» TASK DESCRIPTION:
Copy out lines with the word "unique" from the material that follows.

───── EXERCISE MATERIALS

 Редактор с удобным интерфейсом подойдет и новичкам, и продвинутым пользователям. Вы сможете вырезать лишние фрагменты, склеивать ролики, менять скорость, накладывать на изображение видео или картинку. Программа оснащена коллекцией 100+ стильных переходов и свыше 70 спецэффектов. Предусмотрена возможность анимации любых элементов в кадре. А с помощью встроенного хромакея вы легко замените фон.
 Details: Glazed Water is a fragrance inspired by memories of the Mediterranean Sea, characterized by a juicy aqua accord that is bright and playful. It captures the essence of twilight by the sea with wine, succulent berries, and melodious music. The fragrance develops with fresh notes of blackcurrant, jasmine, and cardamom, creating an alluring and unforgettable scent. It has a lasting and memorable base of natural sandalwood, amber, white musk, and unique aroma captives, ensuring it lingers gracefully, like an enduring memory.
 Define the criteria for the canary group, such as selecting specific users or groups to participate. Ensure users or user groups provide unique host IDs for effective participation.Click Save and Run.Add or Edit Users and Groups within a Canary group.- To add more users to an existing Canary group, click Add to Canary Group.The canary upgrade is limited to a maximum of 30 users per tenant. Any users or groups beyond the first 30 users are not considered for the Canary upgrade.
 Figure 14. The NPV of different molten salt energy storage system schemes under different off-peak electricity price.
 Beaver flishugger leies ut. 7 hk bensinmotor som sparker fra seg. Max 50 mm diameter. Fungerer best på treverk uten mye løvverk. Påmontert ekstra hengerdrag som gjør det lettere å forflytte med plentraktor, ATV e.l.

──────────
───── EXERCISE MATERIALS

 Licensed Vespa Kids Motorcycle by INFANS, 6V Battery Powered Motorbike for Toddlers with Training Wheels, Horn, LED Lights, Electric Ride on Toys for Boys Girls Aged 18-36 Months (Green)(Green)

──────────

» OUTPUT OF THE TASK:
 Details: Glazed Water is a fragrance inspired by memories of the Mediterranean Sea, characterized by a juicy aqua accord that is bright and playful. It captures the essence of twilight by the sea with wine, succulent berries, and melodious music. The fragrance develops with fresh notes of blackcurrant, jasmine, and cardamom, creating an alluring and unforgettable scent. It has a lasting and memorable base of natural sandalwood, amber, white musk, and unique aroma captives, ensuring it lingers gracefully, like an enduring memory.
 Define the criteria for the canary group, such as selecting specific users or groups to participate. Ensure users or user groups provide unique host IDs for effective participation.Click Save and Run.Add or Edit Users and Groups within a Canary group.- To add more users to an existing Canary group, click Add to Canary Group.The canary upgrade is limited to a maximum of 30 users per tenant. Any users or groups beyond the first 30 users are not considered for the Canary upgrade.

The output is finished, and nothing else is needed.